Abstract 1930: The ARVD/C Variome of the Netherlands
Background: Arrhythmogenic right ventricular dysplasia/cardiomyopathy (ARVD/C) is a disorder characterized by segmental fibro-fatty replacement of the right ventricular myocardium leading to electrical instability predisposing to ventricular arrhythmias and sudden cardiac death. In 30 –50% of cases the disease is familial with an autosomal dominant mode of inheritance with reduced penetrance and variable expression. The discovery of high yields of mutations in the PKP2 gene encoding a desmosomal protein, and mutations, with lower yields, in other desmosomal genes (DSG2, DSC2, DSP, DES and JUP), showed that ARVD/C is a desmosomal disease. In addition, a mutation in the TMEM43 gene, not (yet) related to the desmosome, was recently identified.
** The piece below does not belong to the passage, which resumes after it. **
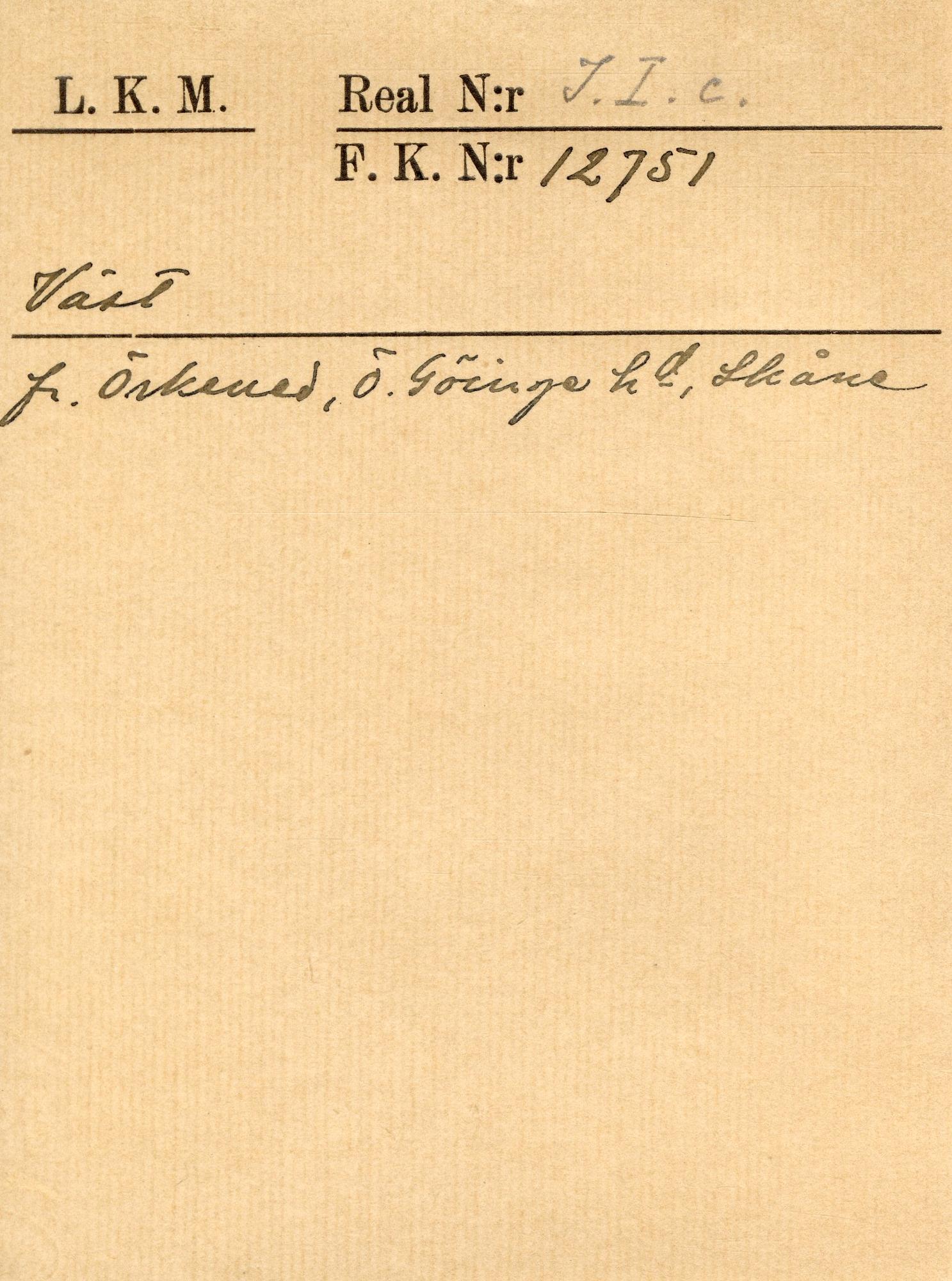Randig modeväst i bomull, i svart, rött och brungult samt med flossade ylleränder i ljsugrönt, mörkgrönt, svart. Ca 5 cm hög ståndkrage samt inskurna fickor, en på var sida fram. Fickorna, kragen och vänstra framstycket kantade med smala svarta sammetsband. Ryggstycket av linnelärft, liksom fodret. Knäppes fram med 6 st mässingsknappar med Karl XIV Johans namnchiffer. På vänstra framstyckets insida en inneficka av grövre linnelärft.

Goal of this study was to evaluate the prevalence of mutations in all currently known ARVD/C-related genes in Dutch ARVC patients.
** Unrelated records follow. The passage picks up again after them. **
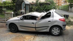 Tivoli – Non si placano le polemiche a Villa Adriana per il brusco risveglio avvenuto in via Lago di Garda nella mattinata di ieri.  Improvvisamente un enorme arbusto  è caduto in terra schiacciando una vettura parcheggiata a bordo strada. Fortuna ha voluto che in quel momento nessuno stesse passando per la strada. Il fatto, oltre al danno per la vettura distrutta, ha creato un vespaio sulla sicurezza degli alberi, che cadono come foglie al vento, in linea a quanto sta avvenendo nella capitale. Alcuni residenti nel quartiere fanno la voce grossa: “La circostanza fortuita ha voluto che non fosse morto nessuno, ma noi ci sentiamo lasciati all’abbandono, gli alberi vanno controllati e manutenuti ed invece tutto è  lasciato al caso”.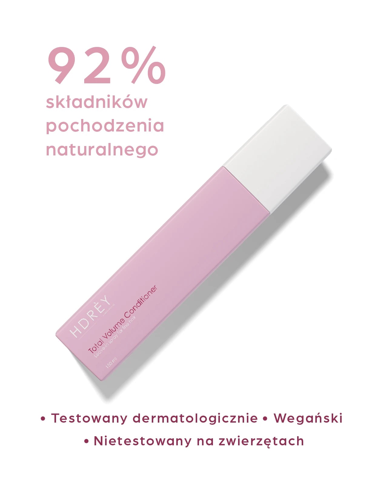 Lekkość i objętość. Odżywka unosi włosy u nasady, nadając im lekkość i pełnię.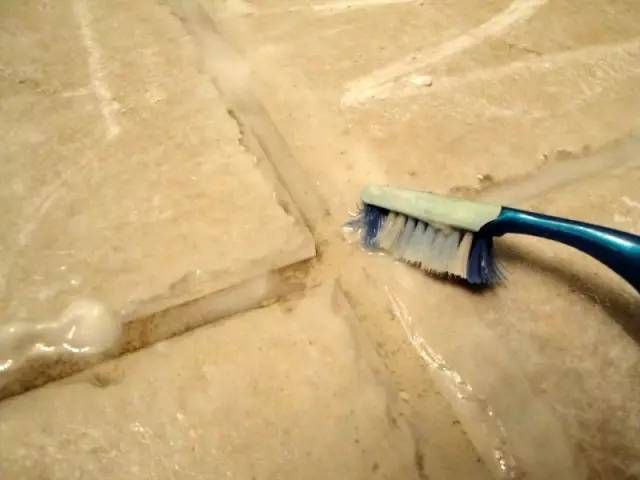 再用牙刷轻轻刷洗,瓷砖缝里的脏东西,立刻就消失啦。

Methods: Using different genetic techniques (DHPLC, DGGE, direct sequencing), the PKP2, DSG2, DSC2, DSP, DES JUP and TMEM43 genes were and are currently studied in 57 patients fulfilling ARVC Task Force Criteria. In addition, a deep sequencing protocol to analyze these genes within one single experiment was initiated recently. To validate the applicability of this technique in a diagnostic setting, all ARVD/C related genes were also analyzed in these patients, using this deep sequencing protocol.
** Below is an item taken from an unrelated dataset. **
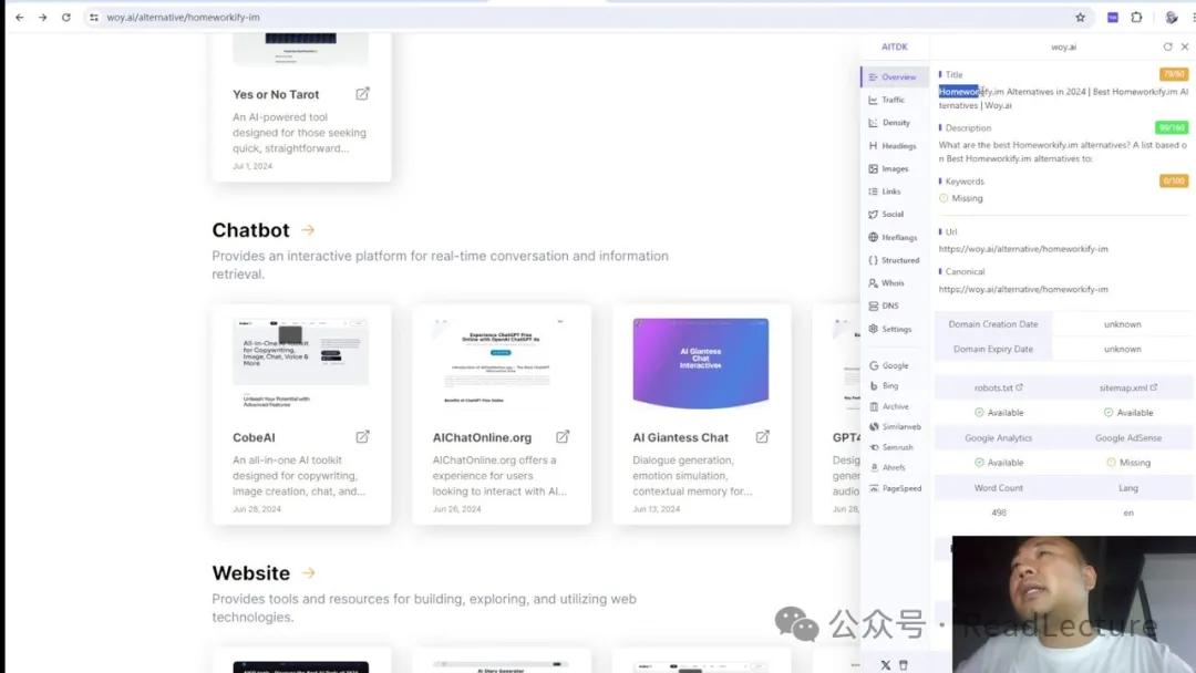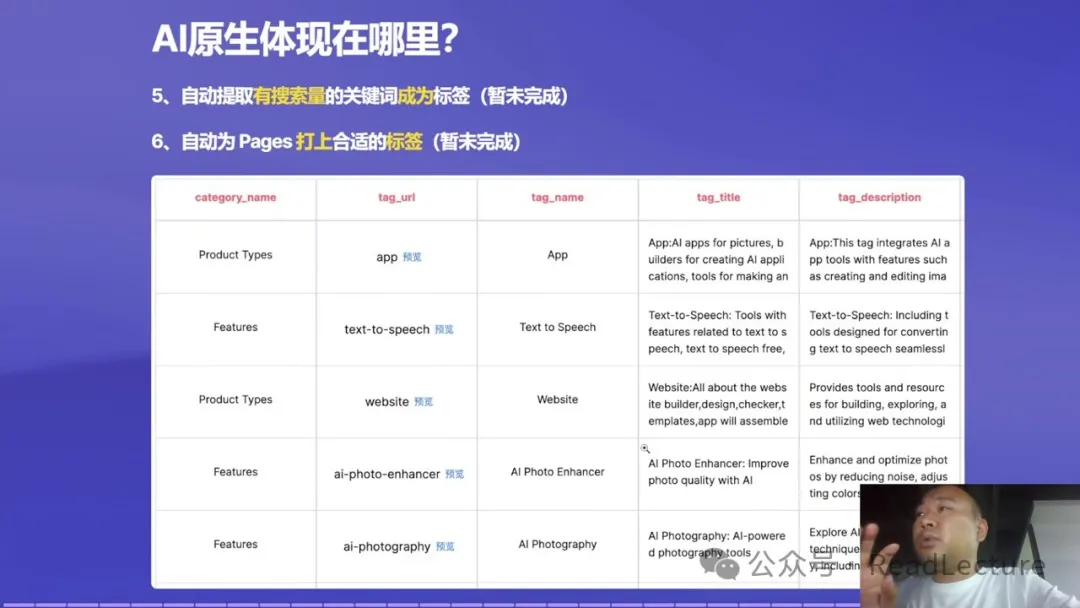 关于全自动镜像站群利用AI伪原创能带来流量的问题,这里还是不太可能能够带来流量的。因为AI生成内容,尤其是伪原创之类的,意味着没有独特的信息。将哪部分内容让GPT匹配标签呢?把你的生成的介绍部分,还有它的一些key features(核心功能点),把这几个扔进去,给GPT匹配标签。因为我们的标签本身就是基于功能去打的标签,所以你把产品介绍和key features传进去之后,就能够打到很不错的关联上的标签。Tag页面也静态化了。Tag和分类的关系,这里我的确要介绍一下。你会发现我整个网站我没有做分类,只做了Tag。为什么呢?如果你去看别的AI导航,他可能会做分类。因为在我理解为的是,分类是一个产品你只能分在一个内幕下面,而标签是你一个产品可以打多个标签的。这会有个什么样的问题呢?就是说,其实简单的对你这个产品经营一个分类没有多大意义,而且我用标签系统是可以做到分类效果的。举例来说,我们的标签目前有两个大类,一大类叫做产品形态,一大类叫做功能点。那我可以再增加一个叫做分类。

Results: 40% of our ARVD/C patients carry PKP2 mutations, 7% carry DSG2 mutations, 2% carry a mutation in DSC2, and 2% carry a mutation in both DSG2 and DSC2. Among the DSG2 and/or DSC2 mutation-positive probands, 2 carried compound heterozygous mutations and 1 had digenic mutations. No mutations were identified in the TMEM43, DSP, JUP and DES genes, although a subset of the analyses is pending.
Conclusions: Mutations in DSG2 and DSC2 are together less prevalent (10%) than PKP2 mutations (40%) in Dutch ARVD/C patients. Interestingly, bi-allelic or digenic DSC2 and/or DSG2 mutations are frequently identified, suggesting that a single mutation is less likely to cause a full blown ARVD/C phenotype. These results will be integrated in our recently launched, freely accessible online database, providing updated information on mutations in ARVD/C-associated genes (www.arvcdatabase.info).